Paolo Nuciforo, pesquisador no Instituto de Oncologia Vall d’Hebron, em Barcelona. VHIO
Estudo associa a presença de uma bactéria a tumores colorretais e suas metástases em humanos
MANUEL ANSEDE
EL PA[IS
Concentre-se em sua boca. Passe a língua entre seus dentes e a mucosa de suas bochechas. Nesses meandros vive a Fusobacterium nucleatum, uma bactéria comum na boca humana associada a infecções das gengivas. Somos, segundo uma velha brincadeira científica, mais microbianos do que humanos: no corpo de uma pessoa existem 39 trilhões de bactérias e somente 30 trilhões de células humanas. E a ciência está apenas começando a compreender esse complexo mundo microscópico.
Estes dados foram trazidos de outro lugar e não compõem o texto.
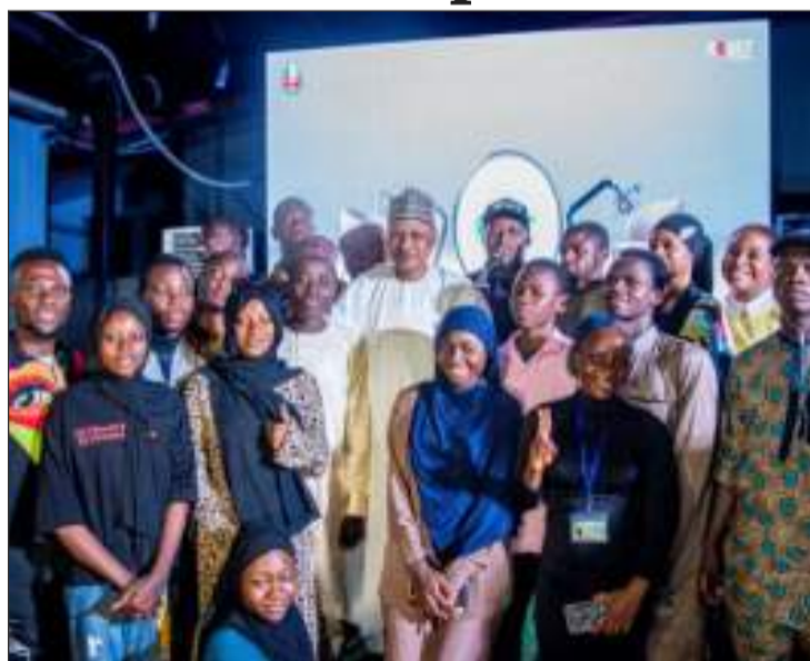
From the Ministry of Information and National Orientation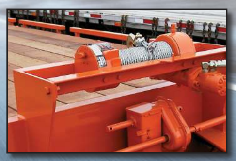
Industrial Winch & Mount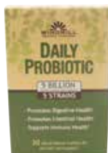
Digestive Advantage – Probiotic Item No. 1204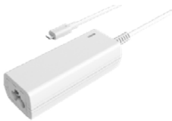
MM18M-59A-R (USB-B, with QC 2.0)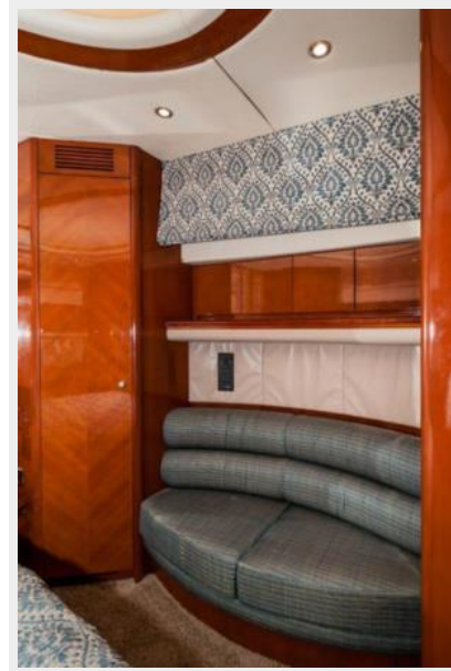
VIP Stateroom Seating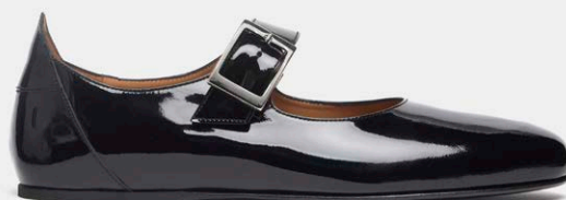
M23 MJ SLIM BLACK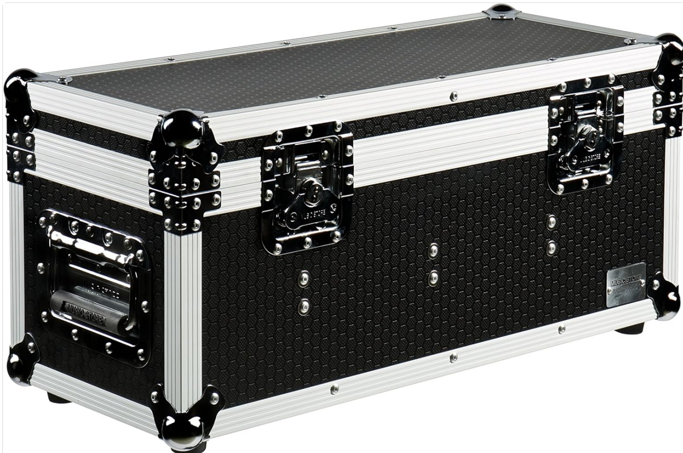
Figure 1: The lightmaXX TOUR CASE in its closed state, showcasing its durable exterior and secure latches.

This manual provides essential information for the safe and effective use of your lightmaXX TOUR CASE. This robust flight case is designed to securely transport and protect up to four FLAT PAR COB, QUAD, MINI, TRI, or Vega PAR COB spotlights. Please read this manual thoroughly before using the product to ensure proper handling and longevity.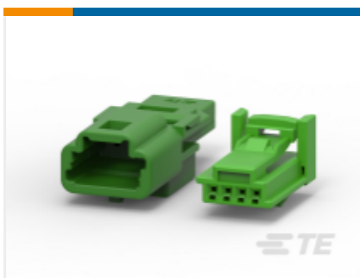
TE Part #1123341-1 TH/.025 CONNECTOR SYSTEM, HOUSING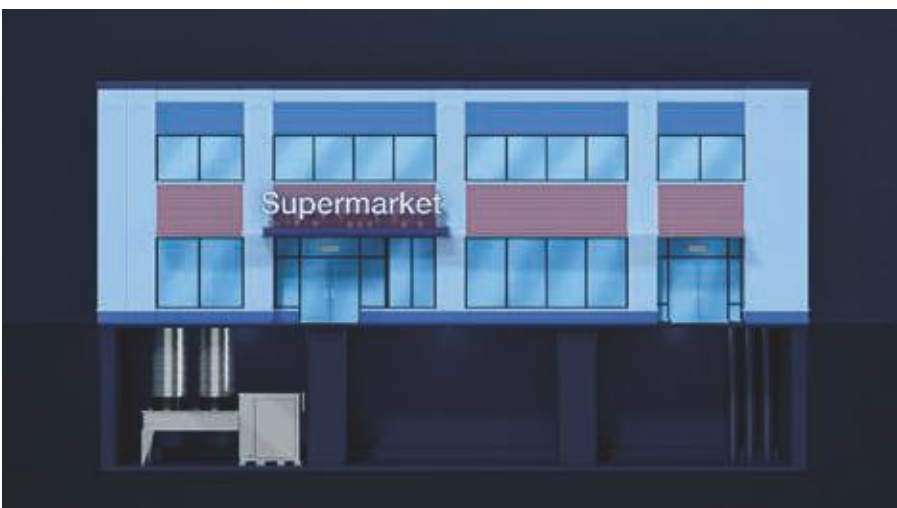
packaged indoor installation

A última descoberta pode ser importantíssima. Há cinco anos a comunidade científica suspeita do cada vez mais evidente vínculo entre a Fusobacterium nucleatum e o câncer colorretal, responsável por 775.000 mortes por ano no mundo. A bactéria aparece habitualmente no ecossistema microbiano desses tumores no intestino grosso. E uma equipe internacional de cientistas acaba de descobrir que a bactéria também viaja com as células tumorais que provocam metástase no fígado.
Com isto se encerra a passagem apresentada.